### INPUT DATA:
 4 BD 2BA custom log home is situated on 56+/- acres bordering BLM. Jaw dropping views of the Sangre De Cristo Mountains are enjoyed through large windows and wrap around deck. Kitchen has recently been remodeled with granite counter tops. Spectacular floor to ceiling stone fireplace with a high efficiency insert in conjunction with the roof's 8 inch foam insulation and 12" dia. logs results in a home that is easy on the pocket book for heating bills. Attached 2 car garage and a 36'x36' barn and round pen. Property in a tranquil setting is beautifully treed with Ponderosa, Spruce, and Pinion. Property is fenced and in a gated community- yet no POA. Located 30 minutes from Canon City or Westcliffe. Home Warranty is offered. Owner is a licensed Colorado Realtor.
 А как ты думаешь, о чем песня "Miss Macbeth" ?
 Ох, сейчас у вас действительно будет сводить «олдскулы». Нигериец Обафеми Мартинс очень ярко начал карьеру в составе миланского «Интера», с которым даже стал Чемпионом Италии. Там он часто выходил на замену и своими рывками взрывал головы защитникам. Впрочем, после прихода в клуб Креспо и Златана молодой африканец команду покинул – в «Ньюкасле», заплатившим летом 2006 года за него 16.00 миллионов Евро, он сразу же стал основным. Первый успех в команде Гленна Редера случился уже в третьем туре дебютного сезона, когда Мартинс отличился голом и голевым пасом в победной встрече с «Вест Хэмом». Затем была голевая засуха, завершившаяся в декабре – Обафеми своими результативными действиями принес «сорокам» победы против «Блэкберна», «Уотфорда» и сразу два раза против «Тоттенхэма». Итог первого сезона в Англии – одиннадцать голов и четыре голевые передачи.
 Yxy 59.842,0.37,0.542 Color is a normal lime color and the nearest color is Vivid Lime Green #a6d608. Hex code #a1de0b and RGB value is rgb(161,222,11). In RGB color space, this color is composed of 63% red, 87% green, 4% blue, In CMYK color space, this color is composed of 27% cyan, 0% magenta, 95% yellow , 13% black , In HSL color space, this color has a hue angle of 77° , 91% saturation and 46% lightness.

### TASK GOAL:
Retype the listing above word for word.

### RESPONSE:
 4 BD 2BA custom log home is situated on 56+/- acres bordering BLM. Jaw dropping views of the Sangre De Cristo Mountains are enjoyed through large windows and wrap around deck. Kitchen has recently been remodeled with granite counter tops. Spectacular floor to ceiling stone fireplace with a high efficiency insert in conjunction with the roof's 8 inch foam insulation and 12" dia. logs results in a home that is easy on the pocket book for heating bills. Attached 2 car garage and a 36'x36' barn and round pen. Property in a tranquil setting is beautifully treed with Ponderosa, Spruce, and Pinion. Property is fenced and in a gated community- yet no POA. Located 30 minutes from Canon City or Westcliffe. Home Warranty is offered. Owner is a licensed Colorado Realtor.
 А как ты думаешь, о чем песня "Miss Macbeth" ?
 Ох, сейчас у вас действительно будет сводить «олдскулы». Нигериец Обафеми Мартинс очень ярко начал карьеру в составе миланского «Интера», с которым даже стал Чемпионом Италии. Там он часто выходил на замену и своими рывками взрывал головы защитникам. Впрочем, после прихода в клуб Креспо и Златана молодой африканец команду покинул – в «Ньюкасле», заплатившим летом 2006 года за него 16.00 миллионов Евро, он сразу же стал основным. Первый успех в команде Гленна Редера случился уже в третьем туре дебютного сезона, когда Мартинс отличился голом и голевым пасом в победной встрече с «Вест Хэмом». Затем была голевая засуха, завершившаяся в декабре – Обафеми своими результативными действиями принес «сорокам» победы против «Блэкберна», «Уотфорда» и сразу два раза против «Тоттенхэма». Итог первого сезона в Англии – одиннадцать голов и четыре голевые передачи.
 Yxy 59.842,0.37,0.542 Color is a normal lime color and the nearest color is Vivid Lime Green #a6d608. Hex code #a1de0b and RGB value is rgb(161,222,11). In RGB color space, this color is composed of 63% red, 87% green, 4% blue, In CMYK color space, this color is composed of 27% cyan, 0% magenta, 95% yellow , 13% black , In HSL color space, this color has a hue angle of 77° , 91% saturation and 46% lightness.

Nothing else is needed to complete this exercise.